==== Task input

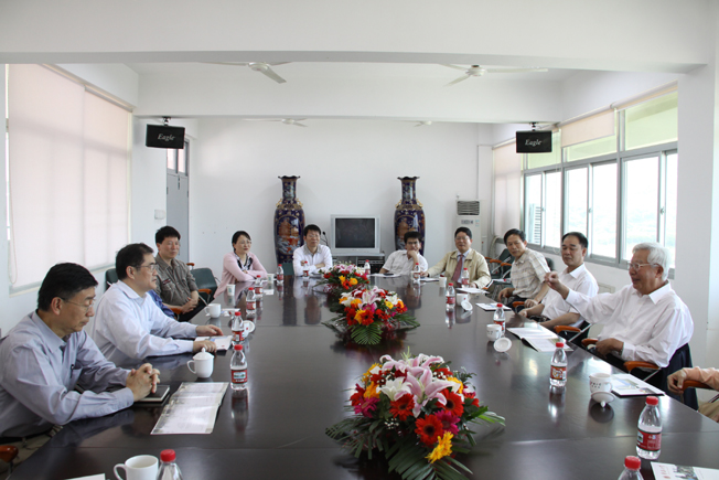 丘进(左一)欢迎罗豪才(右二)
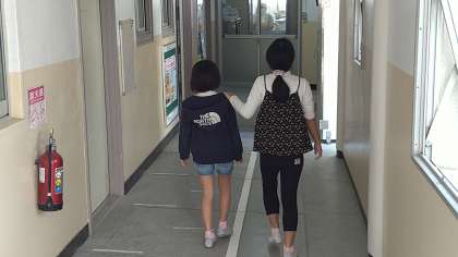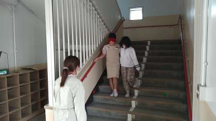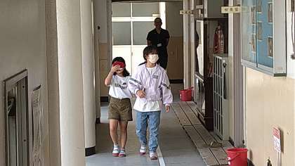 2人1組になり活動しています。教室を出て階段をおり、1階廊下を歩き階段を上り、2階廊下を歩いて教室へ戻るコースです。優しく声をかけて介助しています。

========
==== Task input

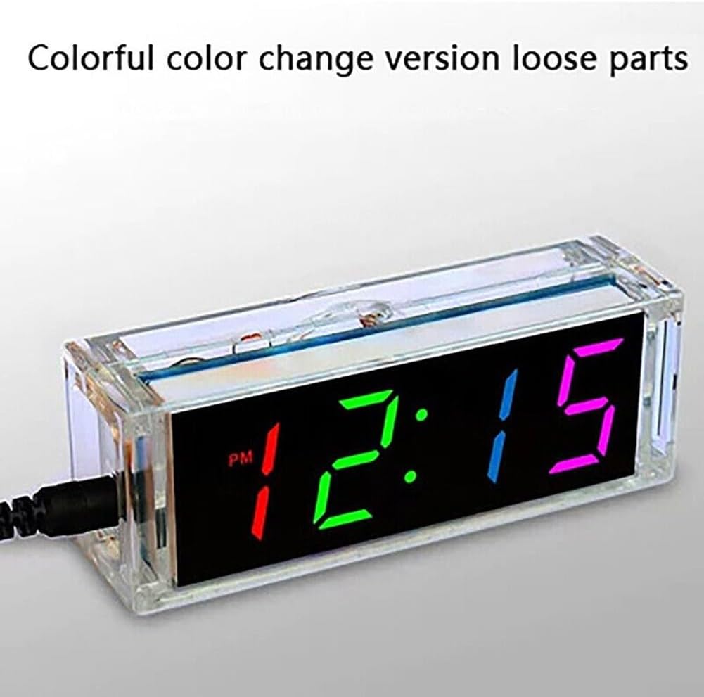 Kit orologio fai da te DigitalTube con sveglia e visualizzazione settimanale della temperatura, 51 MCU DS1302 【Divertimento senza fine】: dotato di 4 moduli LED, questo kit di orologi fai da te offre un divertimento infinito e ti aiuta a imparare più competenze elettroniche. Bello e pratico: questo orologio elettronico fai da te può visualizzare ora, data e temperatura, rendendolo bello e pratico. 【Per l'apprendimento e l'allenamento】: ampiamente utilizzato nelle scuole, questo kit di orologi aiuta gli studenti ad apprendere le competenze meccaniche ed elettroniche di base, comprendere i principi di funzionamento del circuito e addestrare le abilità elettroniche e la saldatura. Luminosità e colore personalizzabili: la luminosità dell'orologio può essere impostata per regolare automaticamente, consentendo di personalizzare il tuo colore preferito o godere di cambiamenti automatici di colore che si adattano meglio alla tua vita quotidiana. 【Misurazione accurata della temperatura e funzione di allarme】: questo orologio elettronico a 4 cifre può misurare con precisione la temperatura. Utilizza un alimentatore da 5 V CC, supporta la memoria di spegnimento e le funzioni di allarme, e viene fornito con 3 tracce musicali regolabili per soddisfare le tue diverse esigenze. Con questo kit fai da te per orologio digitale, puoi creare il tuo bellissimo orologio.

========

Look above for the line with "丘进(左一)欢迎罗豪才(右二)" and the line with "2人1組になり活動しています", then copy them and all lines in between exactly as written, and only those, without any pictures.

- Problem solution:
 丘进(左一)欢迎罗豪才(右二)
 2人1組になり活動しています。教室を出て階段をおり、1階廊下を歩き階段を上り、2階廊下を歩いて教室へ戻るコースです。優しく声をかけて介助しています。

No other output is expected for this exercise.